FAQ

Q: Comparied with other circular RNA identification tools, what is the performance of CIRCexplorer2?

A: CIRCexplorer2 is based on our previous circular RNA identification tool CIRCexplorer, and it inherits all the advantages of CIRCexplorer such as high accuracy, good sensitivity and low memory consumption. and it performs well single-handedly and the combination with other circRNA identification algorithm only results in subtle improvements. [1][2][3]

Q: CIRCexplorer2 is too slow with large data. How could I improve it?

A: The rate-limiting step of CIRCexplorer2 is the alignment step. The default aligner TopHat2/TopHat-Fusion would be very slow for some cases. If you use Annotating pipeline, you could use STAR or BWA instead, and they are extremely fast. Please refer here for how to integrate CIRCexplorer2 with other aligners.

Q: Which types of sequencing data are supported by CIRCexplorer2? Single-read or paired-end sequencing?

A: CIRCexplorer2 now (after v2.2.0) supports paired-end reads. Please refer to Alignment and Parsing. On the other hand, paired-end reads could also be converted to single reads, and then used in CIRCexplorer2. However, in this way, you should be careful in calculation RPM (Reads Per Million mapped reads) for circular RNAs, because the number of total mapped reads may have some misestimation after converted to single reads.

Q: Which treatments are required for RNA-seq?

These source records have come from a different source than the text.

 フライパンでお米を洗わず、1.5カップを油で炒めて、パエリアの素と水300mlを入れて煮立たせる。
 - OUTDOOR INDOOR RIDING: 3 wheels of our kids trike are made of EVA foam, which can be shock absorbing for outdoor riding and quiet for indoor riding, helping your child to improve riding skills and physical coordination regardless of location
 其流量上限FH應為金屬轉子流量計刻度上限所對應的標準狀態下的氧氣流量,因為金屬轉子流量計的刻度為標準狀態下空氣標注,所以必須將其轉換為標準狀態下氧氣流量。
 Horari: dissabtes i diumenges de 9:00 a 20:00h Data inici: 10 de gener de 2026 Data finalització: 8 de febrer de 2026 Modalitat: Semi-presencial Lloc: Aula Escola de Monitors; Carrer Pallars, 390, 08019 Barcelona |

A: If you only use the annotating pipeline, the poly(A)−/ribo− RNA-seq is recommended. If you want to enrich circular RNAs, RNase R treatment could be performed. RNA-seq with only rRNA depletion is acceptable, but it is not the best choice. If you want to use the characterization pipeline, only poly(A)−/ribo− w/o RNase R RNA-seq is acceptable. In addition, poly(A)+ RNA-seq is also required.

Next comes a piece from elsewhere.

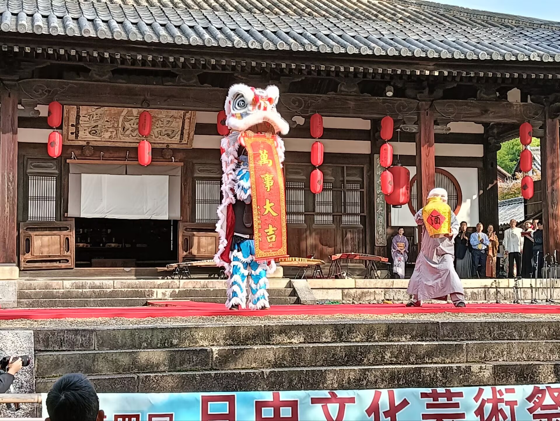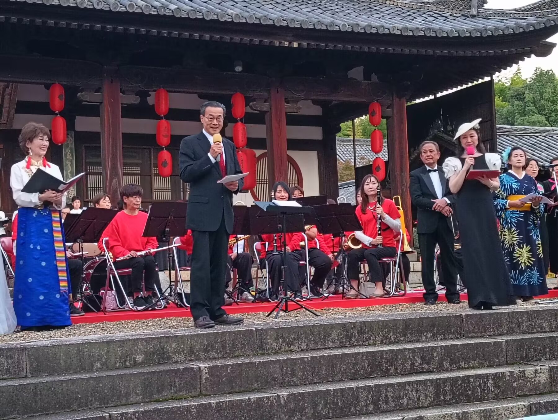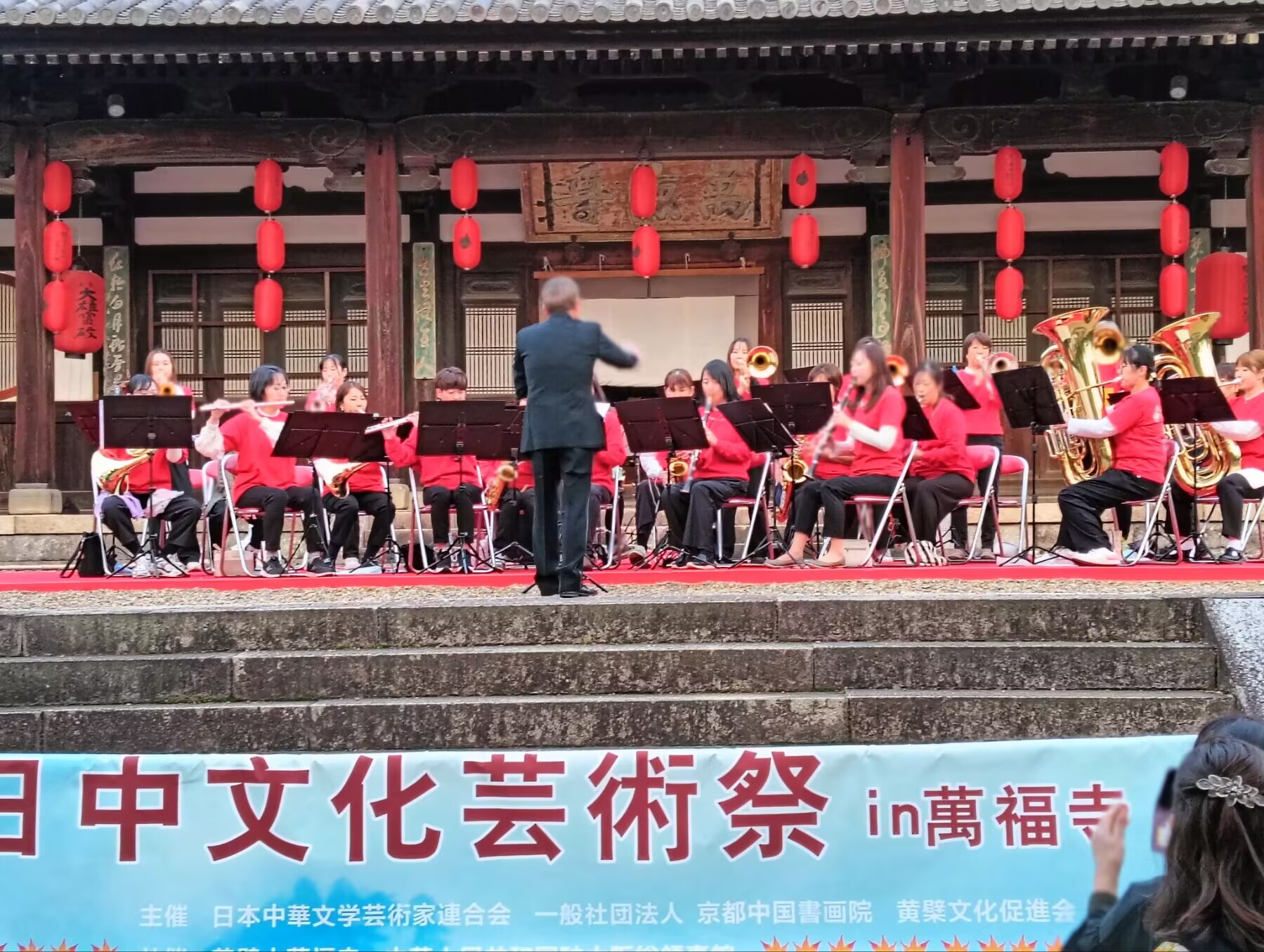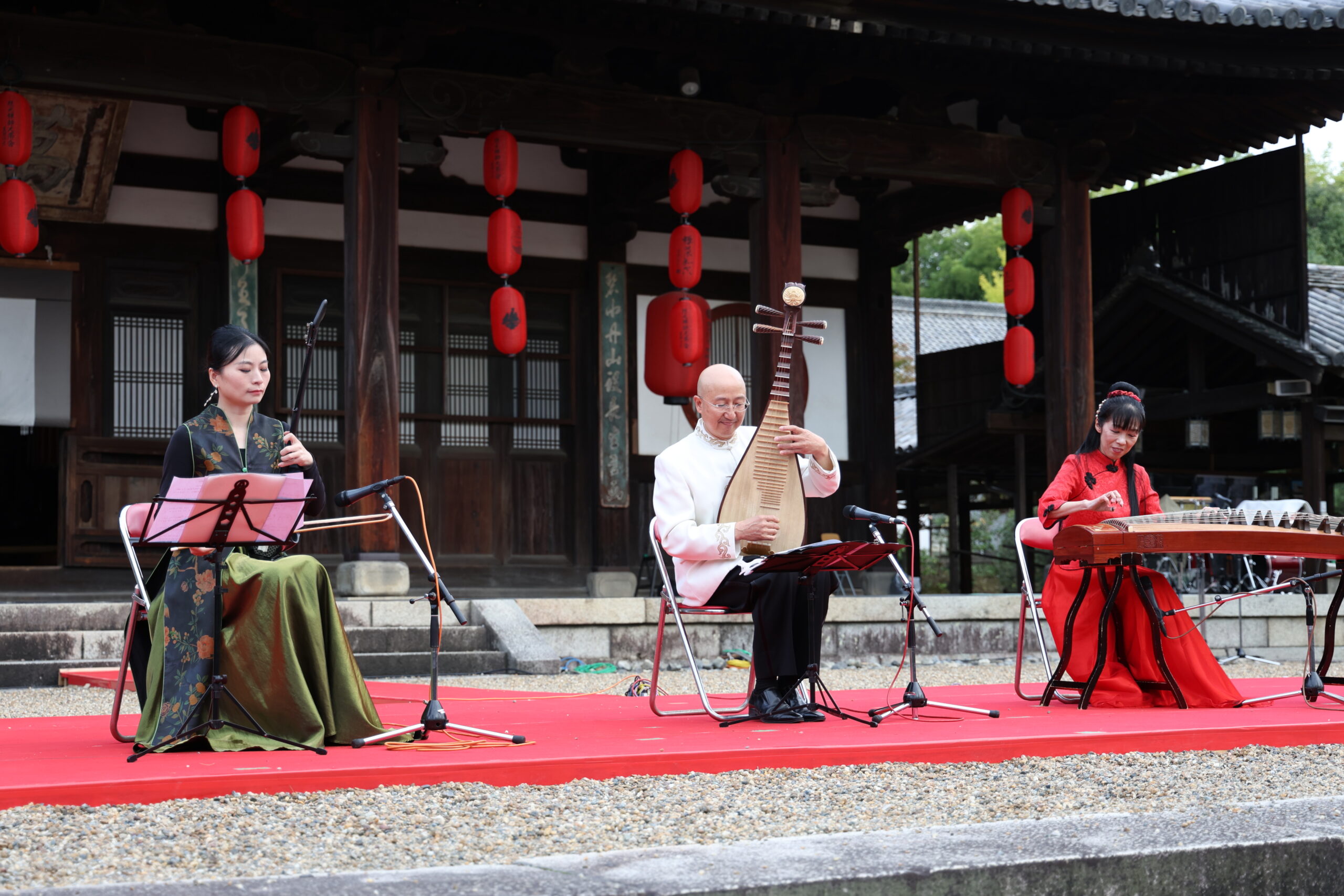 京都华侨总会会长杨正武、一般社团法人黄檗文化促进会会长林文清等嘉宾也先后致辞之后,日中文化艺术节音乐会在万福寺大雄宝殿上月台开演。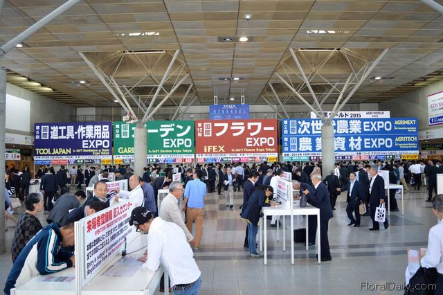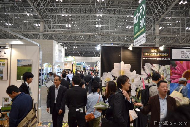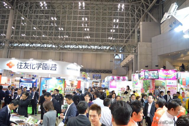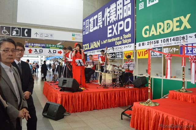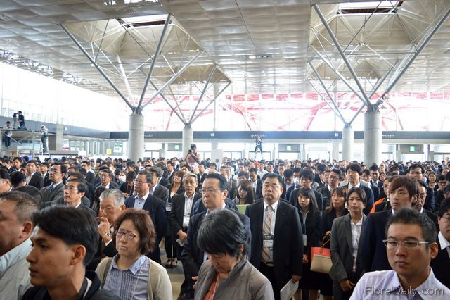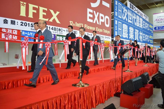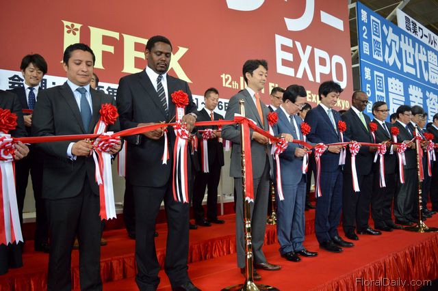 The Opening Ribbon Cutting Ceremony. The ribbon was cut by 46 professionals in the flower and agriculture industry, including the director of Reed Exhibitions, the Major of Chiba (where the exhibition is held), ambassadors from Kenya, Ethiopia, Thailand and Taiwan and large Japanese garden centers, flower auctions, supermarkets.

Q: What is the criterion to define high-expressed/high-confidence circular RNAs.

A: There is no common rule to define which circular RNAs belong to high-expressed/high-confidence circular RNAs. In practice, we use circular RNA fusion junction cutoff (RPM≥0.1, RPM: Reads Per Million mapped reads) to define them. This cutoff was used in our previous Cell paper, and it works well for our current research. A new pipeline CLEAR was developped to help better quantify and compare the expression of circRNAs.

Q: which aligner should I use when aligning circular RNA fusion junction reads?

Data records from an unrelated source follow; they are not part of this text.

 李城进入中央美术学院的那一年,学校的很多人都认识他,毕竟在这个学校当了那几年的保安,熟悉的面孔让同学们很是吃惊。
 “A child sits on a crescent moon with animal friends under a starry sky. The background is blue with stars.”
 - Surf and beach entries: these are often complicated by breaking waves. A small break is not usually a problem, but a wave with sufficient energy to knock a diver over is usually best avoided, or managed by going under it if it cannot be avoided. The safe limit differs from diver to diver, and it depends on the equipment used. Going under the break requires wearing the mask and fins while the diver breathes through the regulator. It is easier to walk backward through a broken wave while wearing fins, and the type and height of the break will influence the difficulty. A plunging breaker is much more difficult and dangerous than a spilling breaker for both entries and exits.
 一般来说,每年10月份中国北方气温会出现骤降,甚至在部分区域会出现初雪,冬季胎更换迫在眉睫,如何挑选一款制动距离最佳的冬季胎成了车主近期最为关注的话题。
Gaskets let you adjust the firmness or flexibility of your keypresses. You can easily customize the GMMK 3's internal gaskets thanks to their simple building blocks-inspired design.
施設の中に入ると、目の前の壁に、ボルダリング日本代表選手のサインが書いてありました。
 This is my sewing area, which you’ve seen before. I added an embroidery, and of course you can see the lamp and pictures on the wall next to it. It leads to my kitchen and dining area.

A: CIRCexplorer2 now supported 5 different aligners (TopHat2/TopHat-Fusion, STAR, MapSplice, BWA, and segemehl). Each of them has its own pros and cons. We have offered some example alignment parameters of them for circular RNA fusion junction read alignment (see tutorial for details). However, if you want to use CIRCexplorer2 to identification novel circular RNAs or novel alternative (back-)splicing events in circular RNAs, CIRCexplorer2 assemble is required, and it relies on TopHat and Cufflinks. So, in this way, TopHat/TopHat-Fusion is recommended for circular RNA fusion junction read alignment.

Q: If I have aligned fastq with TopHat2 in advance and don't want to align them again with CIRCexplorer2 align, what should I do?

A: You should first convert unmapped.bam in TopHat2 output folder into fastq format (e.g. unmapped.fq through tools like bedtools bamtofastq). Then, you could set the --skip-tophat option and use unmapped.fq as <fastq> in CIRCexplorer2 align command.

Q: Why is there the TopHat2 alignment step in CIRCexplorer2 align? Is this step necessary?

A: We first align reads onto genome and transcriptome using TopHat2 to reduce false positive reads aligned in the TopHat-Fusion alignment step. It is optional to skip the TopHat2 alignment step simply through set the --skip-tophat option in in CIRCexplorer2 align command.

Q: Does CIRCexplorer2 support Python3?

A: From version 2.3.0, the source codes of CIRCexplorer2 are compatible with Python3. However, because TopHat2 only supports Python2, you should be careful when you run CIRCexplorer2 align. It will call TopHat2 and require Python2 to be installed in your computer.